New Delhi: Reliance Industries, India’s oil-to-telecom conglomerate, has received the approval of secured creditors, non-secured creditors and equity shareholders to demerge its subsidiary, Reliance Strategic Investments (RSIL), from the parent company. The demerger will enable Reliance’s financial services business to attract different sets of strategic partners, investors, and lenders with specific interests in the sector. The demerger of Jio Financial Services will enable further growth and development of the financial services business, which would require a differentiated strategy aligned with the industry-specific risks, market dynamics, and growth trajectory.
The financial services business of Reliance Industries is currently carried through its subsidiaries and joint ventures, but the nature and competition involved in the financial services industry are distinct from its other businesses. The demerger will allow the financial services business to have higher leverage for its growth and unlock value for Reliance Industries’ shareholders.
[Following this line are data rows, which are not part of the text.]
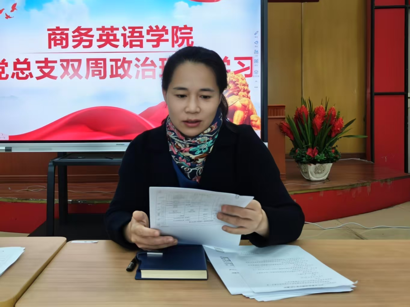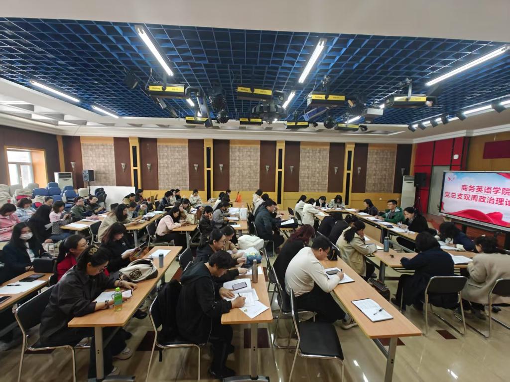 为深入学习习近平新时代中国特色社会主义思想,深刻领悟“两个确立”的决定性意义,增强“四个意识”、坚定“四个自信”、做到“两个维护”,深入开展贯彻中央八项规定精神学习教育,切实增强全面推进教育强国建设的责任感、使命感、紧迫感,4月23日,商务英语学院党总支组织全体教职工开展政治理论集中学习,党总支书记顾广强主持学习活动。
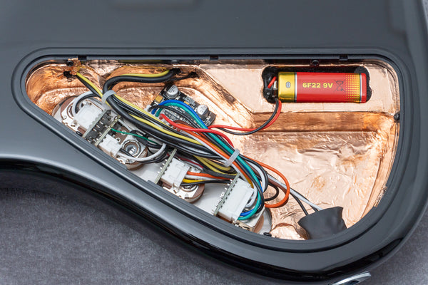 Looking inside the cavity, you'll see copper foil tape applied for shielding. Excellent.
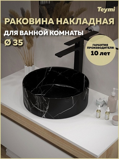 Teymi Раковина накладная в ванную Lina D35 мрамор чёрный матовый T50183
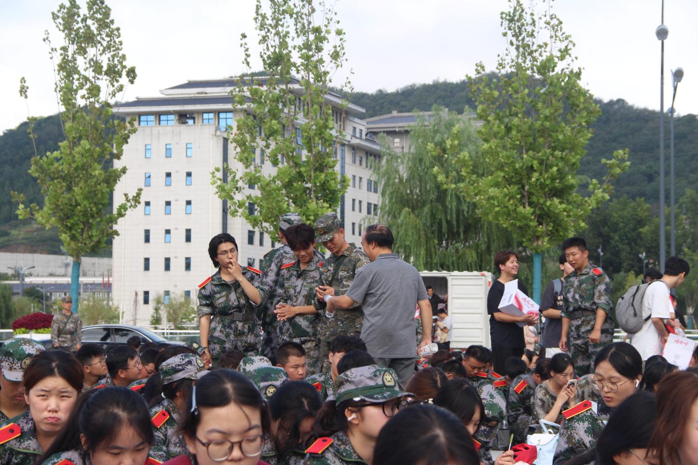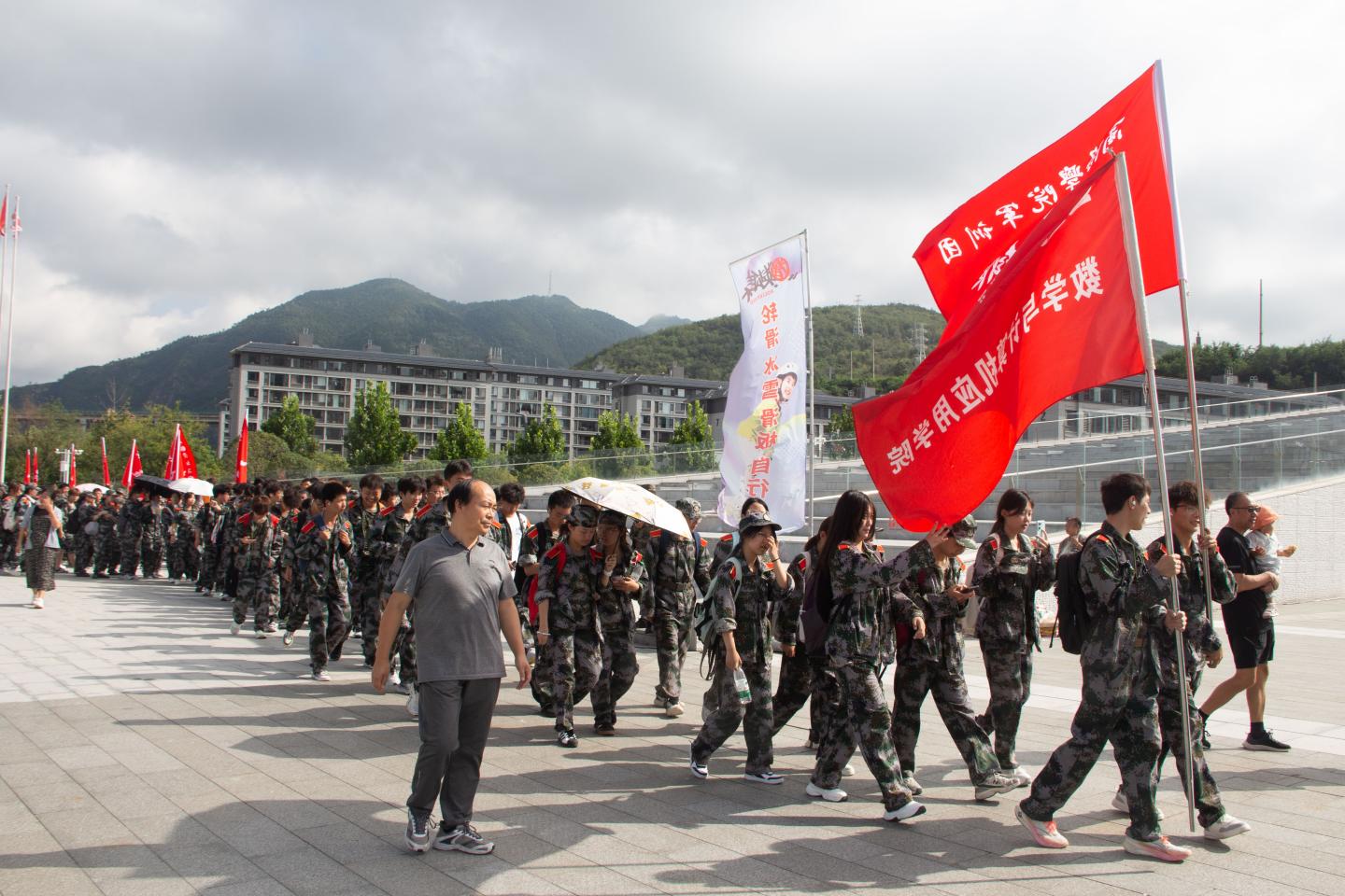 抵达目的地商鞅广场后,学院带队辅导员和志愿者贴心为同学们递上饮用水,叮嘱大家及时补充水分。随后,在教官的带领下,《强军战歌》的旋律在广场响起,我院师生齐声高歌,充分展现了全院上下的热血与朝气。
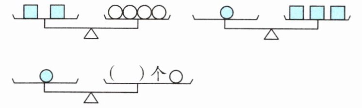 ②如果左盘中拿出3个□,右盘中要拿出( )个○,天平才能保持平衡。
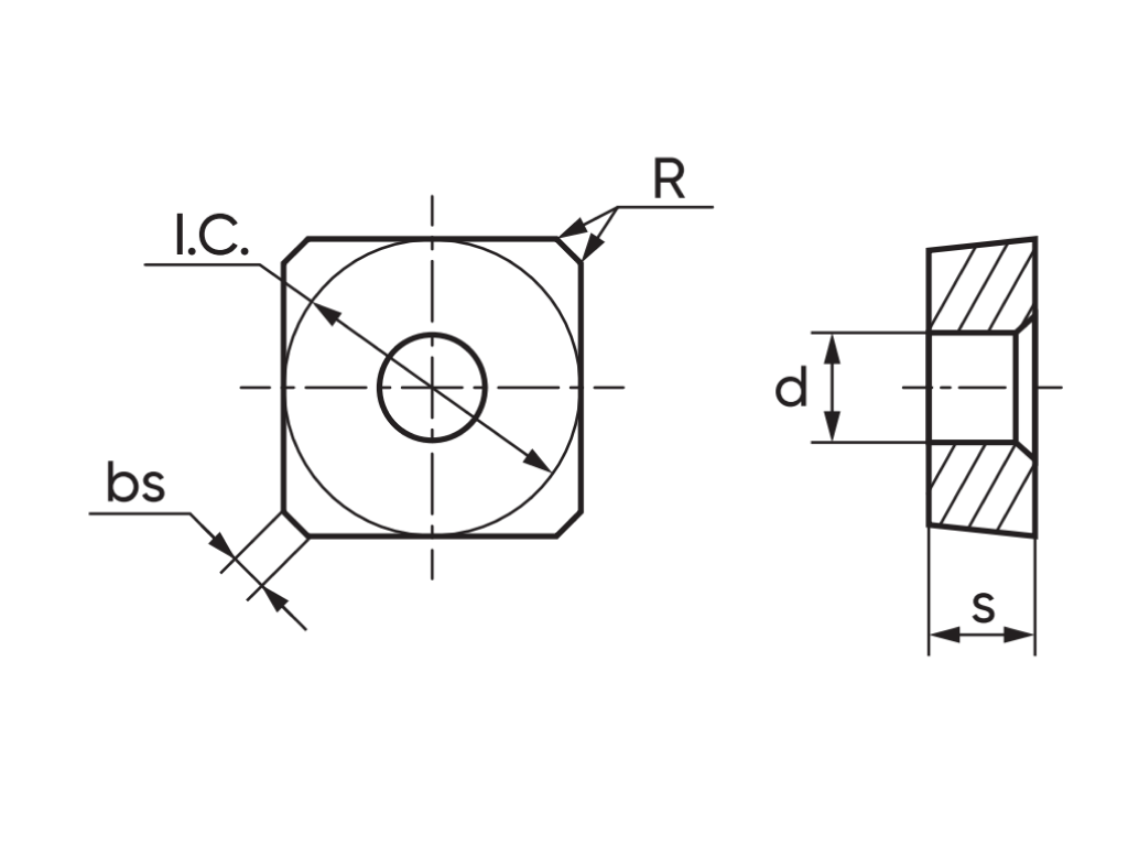 | Тип | T - c отверстием, с односторонней фаской и стружколомом |

Reliance Industries shares were trading 0.63 per cent higher at Rs 2,435.10 on BSE following the development. The stock is at a low of 5.43 per cent year-to-date. As per publicly available data with Trendlyne, an average target price of Rs 2,834 suggests a 16 per cent potential upside for stocks.
A recent Bloomberg report suggested that Reliance Industries may go for a public listing of Jio Financial Services as soon as October. The Mukesh Ambani-led company is reportedly in talks with regulators to secure necessary approvals for the market debut of its digital financial services unit. Jefferies, a foreign brokerage, had earlier expected Reliance Industries to receive all necessary approvals for listing the shares of Jio Financial Services by September. JFS will commence lending activities immediately and proceed with regulatory approvals for life and general insurance and asset management. Regulatory approvals are expected to take about 12-18 months, the brokerage firm added.
The demerger of Reliance Strategic Investments is expected to help Reliance’s financial services business by attracting a wider pool of investors and partners, unlocking value for shareholders, and aiding the company in pursuing a differentiated strategy aligned with the industry-specific risks, market dynamics, and growth trajectory.